* **Assigned task**: Output all of the data exactly as it appears, but leave out any pictures it contains.

* **Dataset content**:
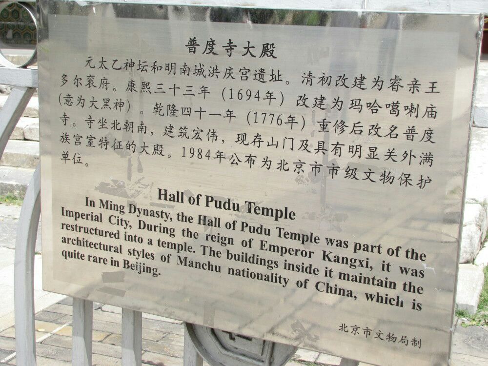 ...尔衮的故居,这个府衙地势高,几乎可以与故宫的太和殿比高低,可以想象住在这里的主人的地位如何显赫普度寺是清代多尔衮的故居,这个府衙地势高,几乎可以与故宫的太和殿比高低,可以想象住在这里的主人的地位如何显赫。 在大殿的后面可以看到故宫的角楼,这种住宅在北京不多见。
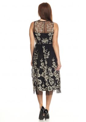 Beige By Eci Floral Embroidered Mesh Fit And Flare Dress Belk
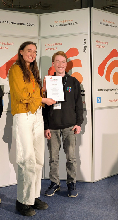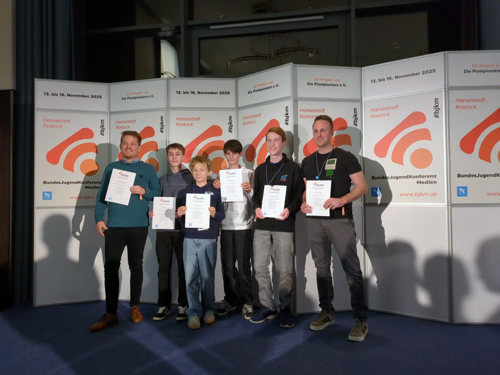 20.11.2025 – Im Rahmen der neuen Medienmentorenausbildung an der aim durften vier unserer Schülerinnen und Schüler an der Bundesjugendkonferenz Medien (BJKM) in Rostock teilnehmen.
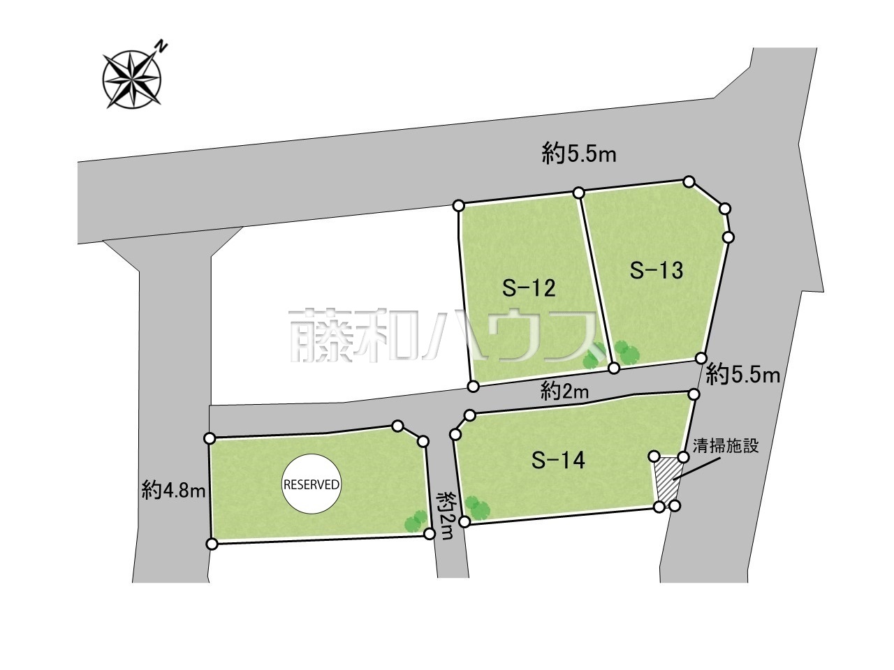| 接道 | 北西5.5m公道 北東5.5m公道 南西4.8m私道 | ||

* **Response below**:
 ...尔衮的故居,这个府衙地势高,几乎可以与故宫的太和殿比高低,可以想象住在这里的主人的地位如何显赫普度寺是清代多尔衮的故居,这个府衙地势高,几乎可以与故宫的太和殿比高低,可以想象住在这里的主人的地位如何显赫。 在大殿的后面可以看到故宫的角楼,这种住宅在北京不多见。
 Beige By Eci Floral Embroidered Mesh Fit And Flare Dress Belk
 20.11.2025 – Im Rahmen der neuen Medienmentorenausbildung an der aim durften vier unserer Schülerinnen und Schüler an der Bundesjugendkonferenz Medien (BJKM) in Rostock teilnehmen.
| 接道 | 北西5.5m公道 北東5.5m公道 南西4.8m私道 | ||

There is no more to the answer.